I would like to give some credit to Scott Lowe for the technical knowledge on a good way to build and host my site. Specifically this article on using Hugo to build the site was valuable. I know Scott will probably never see this, but thank you. If imitation is the great form of flattery, then Scott should be flattered, I stole his look and feel as well. I just liked the simple clean look to it, I didn’t want it to be too cluttered.

Goals for 2018

I thought it might be good idea to put my goals for the year out there to see if making them public would help make me be more accountable about achieving them. I generally set some pretty aggressive goals for each year and don’t end up making most of them, so we will see how this goes.

  1. Start a Blog - I guess I am well on my way to achieving this, I guess if I ever do more than just write this and actually get it posted somewhere. I will probably do a whole post on why I want to do a blog separately.
  2. Acheive a certification. - There are not certifications that I have to have to do my job, but a lot of things I am interested in.
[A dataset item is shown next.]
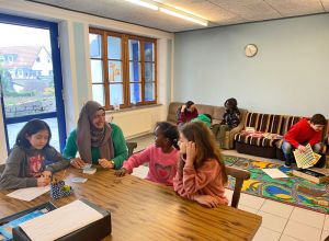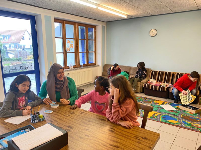 Die Gruppe besteht in der Regel aus maximal 20 Kindern. Die Hälfte der Kinder kommt aus einer Anschlussunterkunft für Geflüchtete, die meisten anderen kommen aus Familien mit Migrationserfahrung oder sind Freunde der Kinder. Das Team besteht aus 3 pädagogischen Fachkräften und 4 ehrenamtlichen Mitarbeiterinnen, insgesamt 7. ( Julia Blessing, Tülay Tekeli, Sonja Steinmann, Dilek Ciftci, Serife Öztürk, Aleyna Ciftci, Gabi Wiest) Alle mitarbeitenden haben Erfahrung mit der Altersstufe der Kinder von 6 bis 11 Jahren.

The top candidates for certifications this year would be the AWS Solutions Architect Associates certification, the Certified Ethical Hacker (CEH) and the Offensive Security Certified Professional (OSCP). I fear the OSCP exam, so that one might be my stretch goal.
  3. Read 25 books in the year. - This isn’t just a goal of reading 25 technical books, I am not sure how many technical books I have ever read cover to cover, but rather this is about reading in general. This will probably end up being mostly novels that I read, but hopefully there will be a couple of biographies and non-fiction books in there as well.
  4. Improve my Web Development Skills. - I know that for work, I am being asked to consolidate and update the website, and I knew just enough the last time to get something out there, but to move it to the next level, I am going to have to improve my skills in this area. The things I need to improve on are updating my Bootstrap knowledge to include the new version. Since Bootstrap has gone to SASS over LESS, I will need to update that skill as well. I would also like to become more proficient in javascript.
  5. Lose 50 pounds - I realize this blog is more geared toward what I do technically, at least that is my intention, but I wanted to get this out there, because if I need accountability for anything it is my weight loss.